* EXTRACTED DATA:
┌──
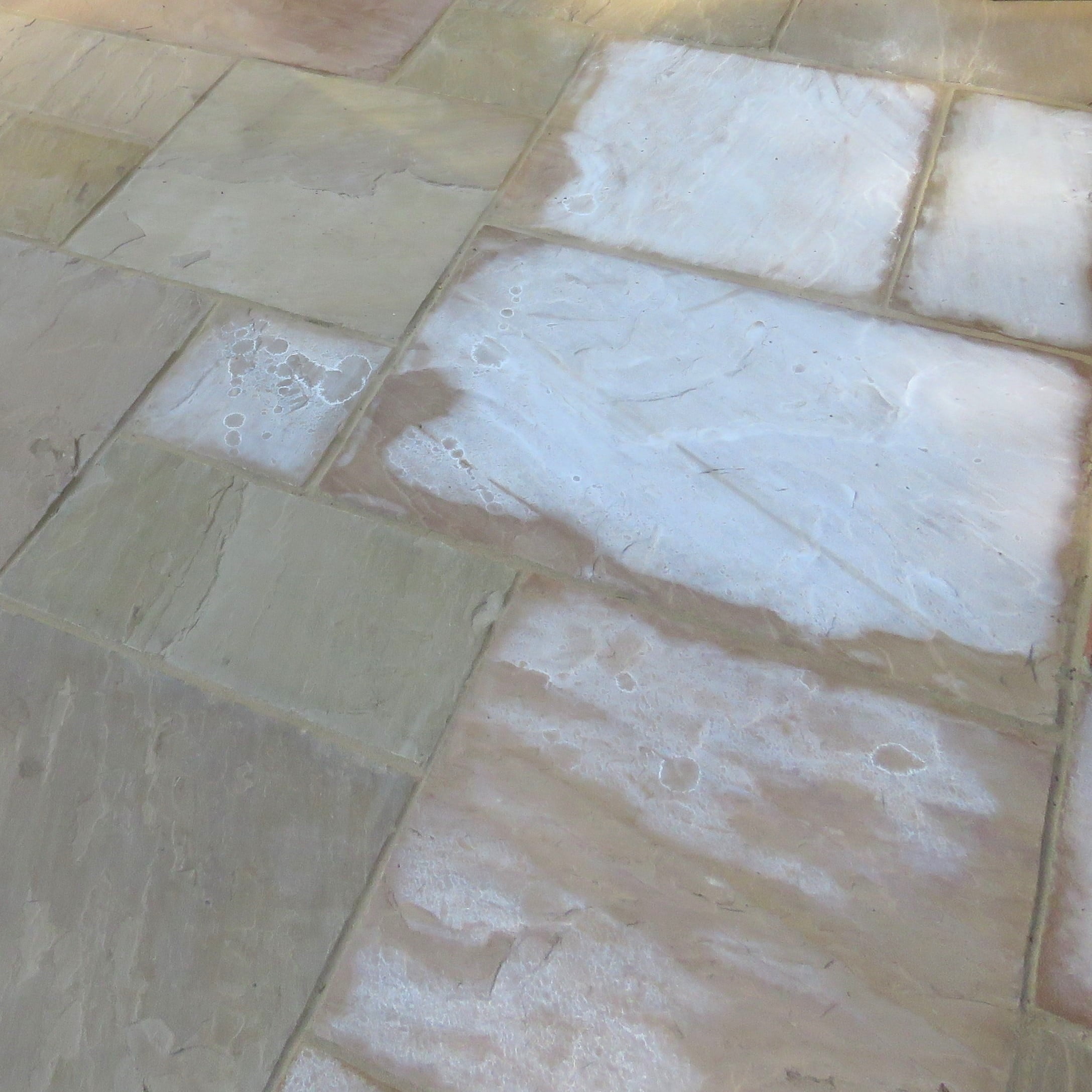 Blooming, efflorescence and ‘salting’ are chemical reactions often found in concrete and some natural stones. Naturally occurring salts or deposits in the paving are dissolved in water and make their way out to the surface of the slab. The result is white patches which can be powdery or crystal-like. It can occur spasmodically over time and is more likely when paving is wet and takes a long time to dry.
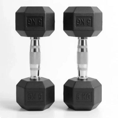Premium Rubber-Encased Cast Iron Dumbbells Solid cast iron core wrapped in durable rubber to reduce noise, prevent floor damage, and deliver long-lasting performance in any home or commercial gym. Ergonomic Chrome Knurled Grip for Secure Handling Precision-knurled, chrome-plated handles provide a firm, slip-resistant grip — ideal for high-intensity workouts, sweaty sessions, and safer lifting. Anti-Roll Hex Shape for Stability & Easy Storage Six-sided hex design prevents rolling between sets, enhances workout safety, and keeps dumbbells neatly in place on the floor or weight rack. Versatile Strength Training Weights for Any Workout Perfect for full-body routines, CrossFit, HIIT, bodybuilding, core training, rehab sessions, and home gym exercises from beginner to advanced levels. 5 kg Dumbbell Pair – Ideal for All Fitness Levels This versatile 5 kg weight is perfect for progressive overload, muscle toning, strength building, and athletic performance training. A balanced choice for beginners moving upward and experienced lifters adding precision work to their routines.
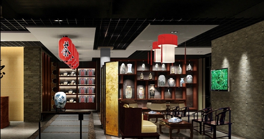 在很多優秀的茶樓中式設計中能看到運用的恰到好處的中式元素,比如照明燈具、仿古書籍、燭臺、竹簡、字畫、燈籠等等,這些細節的搭配使用能烘托出茶樓的高品位。
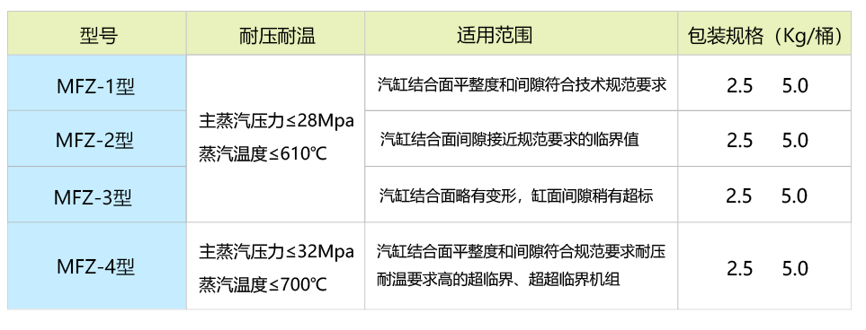 依據(jù)結(jié)合面平整度間隙情況選用不同型號產(chǎn)品,參照下表。對于缸面變形嚴(yán)重,間隙較大的機(jī)組,需做必要的處理,達(dá)到規(guī)范標(biāo)準(zhǔn)后,再選用相應(yīng)型號的產(chǎn)品。
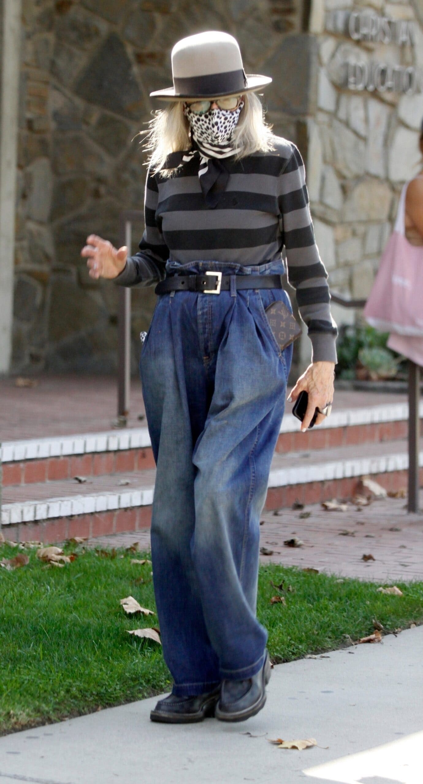 Diane Keaton kuroi väljät farkut vyötärölle näyttävällä vyöllä.
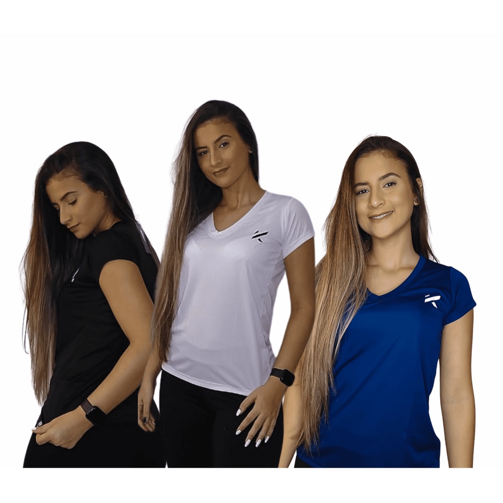 Kit 3 Camisas Femininas Esportivas Em Dry Fit
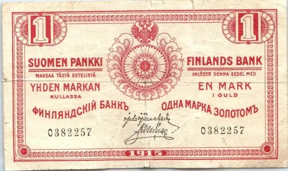 Remise Billet Finlande 1 Markkaa Rouge – 1915 (2em)
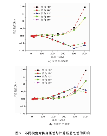 不難(nán)發現:整體(tǐ)來看,不論(lun)楔角是哪(na)一種情況(kuang),在50m³/h以内的(de)流量下,差(cha)值基本--緻(zhi),且均接近(jìn)于0;随着流(liú)量的逐漸(jian)增大,壓差(cha)差值呈增(zēng)大的趨勢(shì);楔角40°和楔(xiē)角45°條件下(xia),差🙇♀️值變化(hua)⛹🏻♀️趨勢基✊本(ben)緻,且偏離(lí)方向一緻(zhi);楔角50°與楔(xie)角60°條件下(xia),差值基本(běn)重合,且偏(piān)離方向一(yi)緻;楔♍角30°對(duì)差值的影(ying)響最大,在(zài)流量爲500m³/h時(shi),達📧到最大(dà)值1.94Pa。流🌈量400m³/h是(shì)差值的🏃♀️“拐(guai)點”,當楔角(jiǎo)爲40°、45°時,差值(zhí)最大,之後(hou)差值🎯開始(shǐ)降低;當楔(xiē)角爲30°、50°、60°時,差(chà)值開始突(tū)然變大。
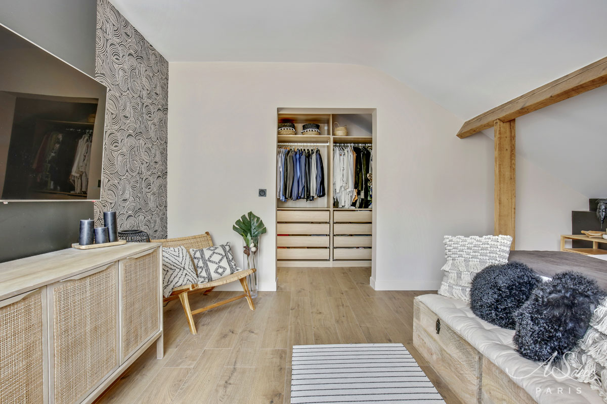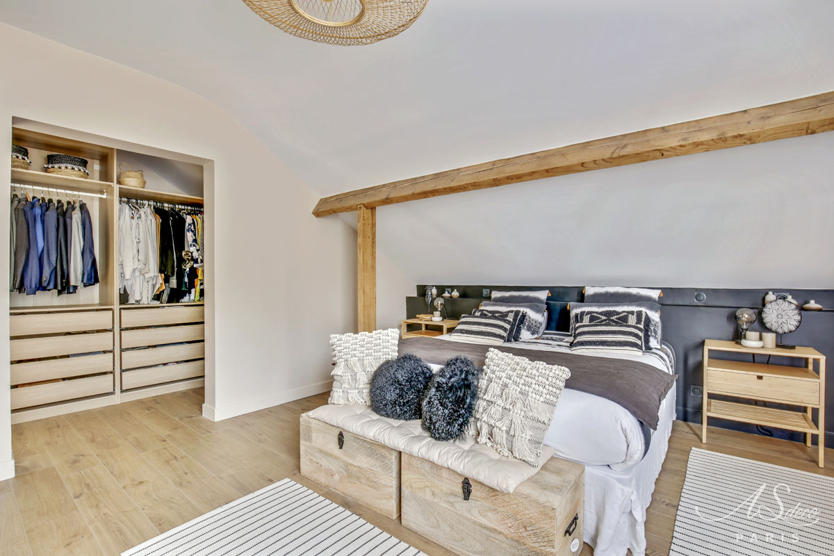 Dans cette chambre, tout était à imaginer. En effet, les combles n’étaient pas exploités et la chambre était trop petite pour y intégrer le lit que possédaient nos clients et un espace dressing digne de ce nom. Nous avons donc récupéré une partie de la salle de bain attenante pour y créer l’espace dressing et avons positionné le lit sous les combles. La chambre est dorénavant plus spacieuse.
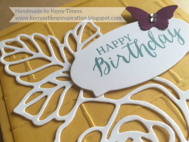 I ran the Rose Garden thinlits die through my big shot using Whisper White cardstock and attached it to a Brick Wall embossed layer of Hello Honey.
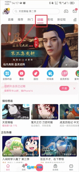 1、打开哔哩哔哩动漫最新版后,在首页中点击动画界面,并选择你要观看的动画
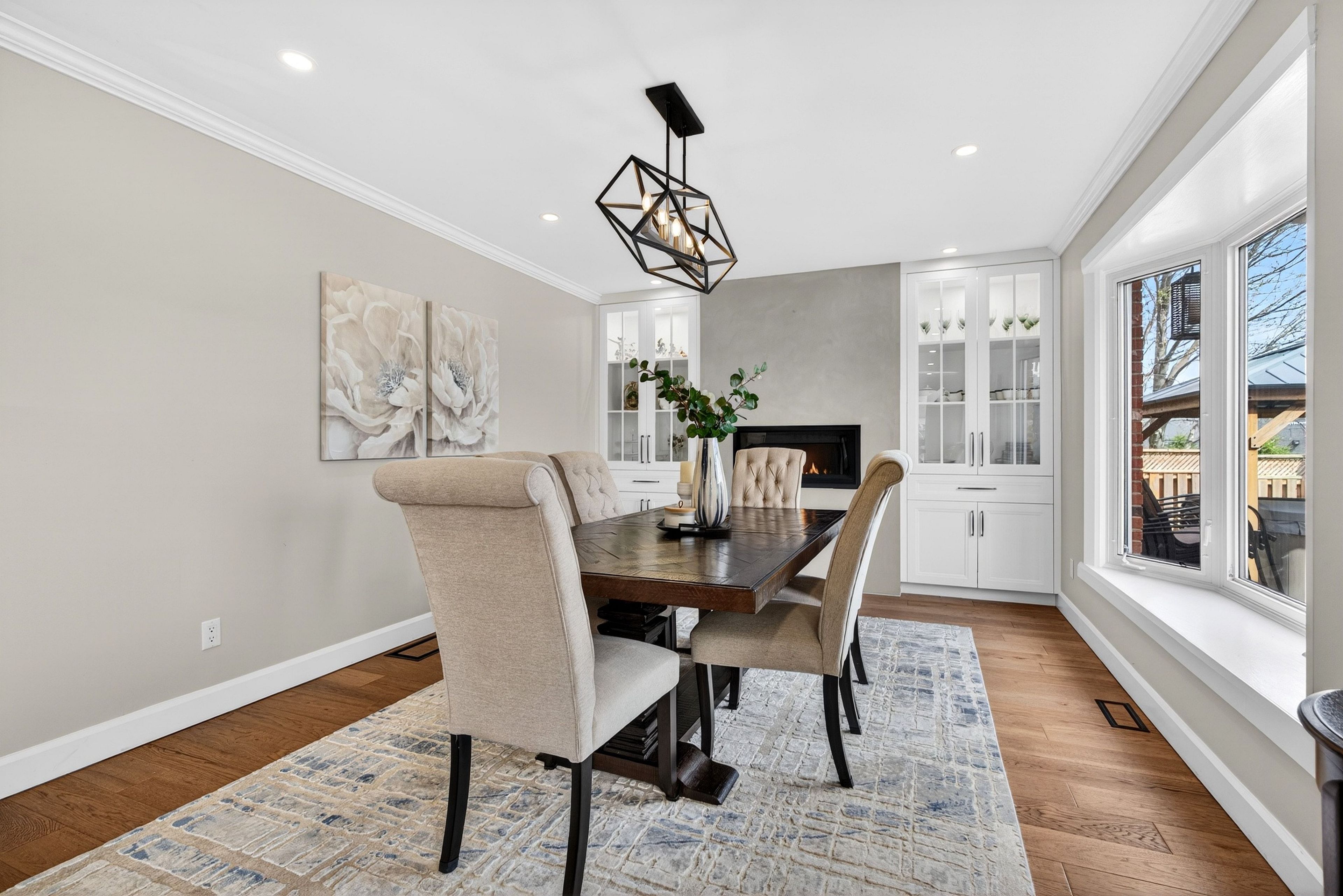 Welcome to 42 farewell crest in smithville, offering a beautifully updated main floor with a bright, open-concept layout. Featuring wide-plank hardwood flooring and pot lighting throughout, the custom kitchen is the focal point with quartz countertops, extensive dual colour cabinetry , built-in appliances, and a large centre island with seating. It flows seamlessly into the family room and dining area, highlighted by a sleek gas fireplace and large windows overlooking the backyard. A separate formal dining room adds an elegant entertaining space, while a large home office and functional mudroom with built-ins and garage access completes the level. The second level offers a well-designed layout, highlighted by a stunning primary retreat with a gas fireplace, sitting area, and walkout to a private updated balcony overlooking the yard. The on-trend ensuite features a glass walk-in shower with custom tilework, complemented by a walk-in closet. Additional bedrooms are generously sized with ample closet space, serviced by an updated main bath, plus the convenience of upper-level laundry. The fully finished lower level extends the living space with a bright rec room, second office/work area, additional bedroom, and updated 3-piece bathroom-ideal for guests or multi-generational living. Step outside to a private backyard oasis with an in-ground pool, expansive patio, and covered deck perfect for relaxing or entertaining. No cottage needed! Surrounded by mature landscaping for added privacy, plus a shed, sauna and separate hot tub retreat, this outdoor space truly elevates the home. So many features to see and appreciate including added protection for water/smoke/fire with omni-shield safety sensor system.
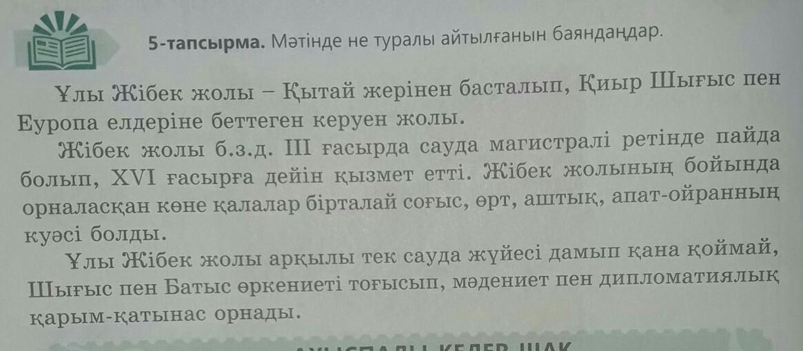 1.Мәтінде Ұлы Жібек жолы туралы айтылған.
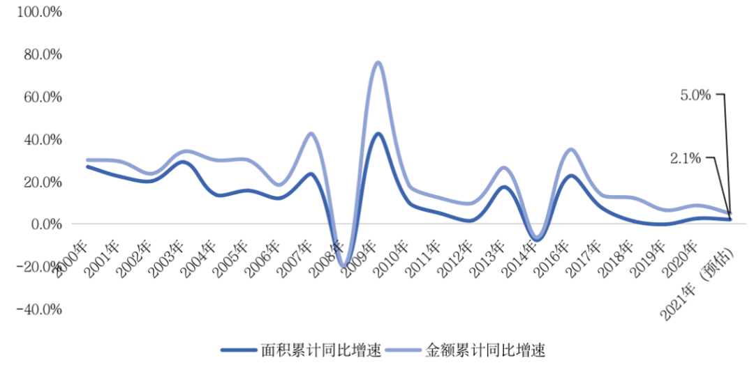 預估2021年全年房地產開發投資規模同比增5.2%。建安投資中竣工投資是開發投資的最主要支撐力,全年同比料增15.9%。受全行業下行和過去兩年開工、拿地規模較高影響,全年新開工面和和土地購置面積將分別降10.3%和11.4%,對開發投資失去支撐。
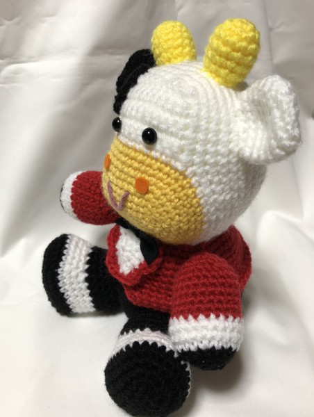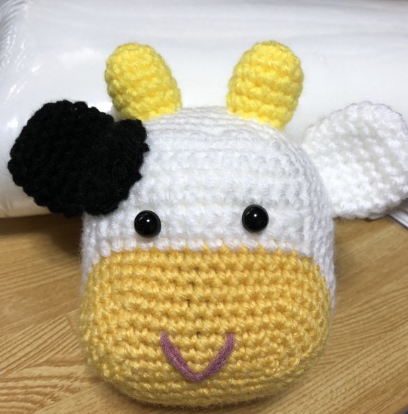 牛の編みぐるみを作りました。全体パーツを付けるバランスに苦労しました。
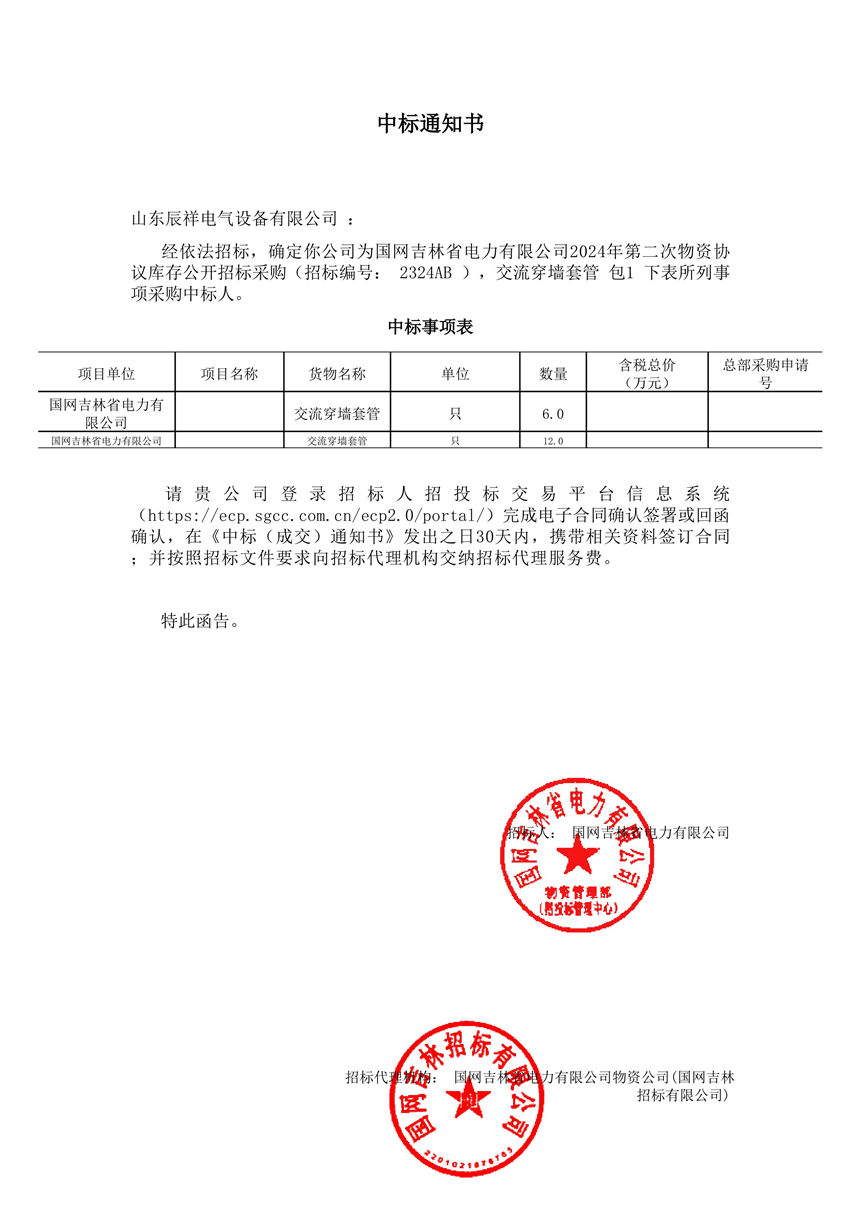2025.02.14 110kV瓷絕緣穿墻套管中標通知書
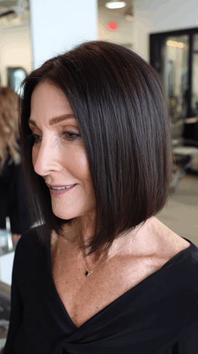This one’s a perfect example of a clean, structured bob. The lines are sharp but not harsh, and the warm brunette tone adds depth.
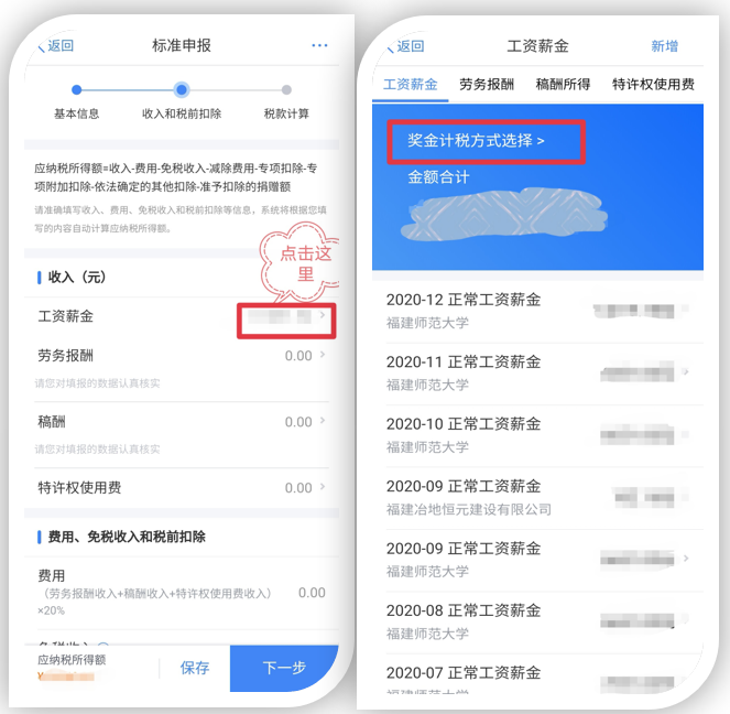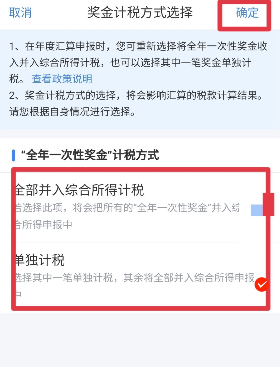 特別注意“年終一次性獎金”計稅方式的選擇,因為不同計稅方式會導致稅額不同,您在正式提交申報前可比較選擇最優(yōu)計稅方式。具體方法為:點擊“工資薪金”進入【獎金計稅方式選擇】,可選擇將獎金【全部并入綜合所得計稅】,或選擇【單獨計稅】,點擊【確定】然后返回申報界面查看不同計稅結果。
└──
* WHAT YOU ARE ASKED TO DO: Output exactly the lines of the listing above that start with the one holding "Dans cette chambre, tout" and go on through the one holding "1、打开哔哩哔哩动漫最新版后,在首页中点击动画界面,并选择你要观看的动画"; leave the pictures out.

* OUTPUT BELOW:
 Dans cette chambre, tout était à imaginer. En effet, les combles n’étaient pas exploités et la chambre était trop petite pour y intégrer le lit que possédaient nos clients et un espace dressing digne de ce nom. Nous avons donc récupéré une partie de la salle de bain attenante pour y créer l’espace dressing et avons positionné le lit sous les combles. La chambre est dorénavant plus spacieuse.
 I ran the Rose Garden thinlits die through my big shot using Whisper White cardstock and attached it to a Brick Wall embossed layer of Hello Honey.
 1、打开哔哩哔哩动漫最新版后,在首页中点击动画界面,并选择你要观看的动画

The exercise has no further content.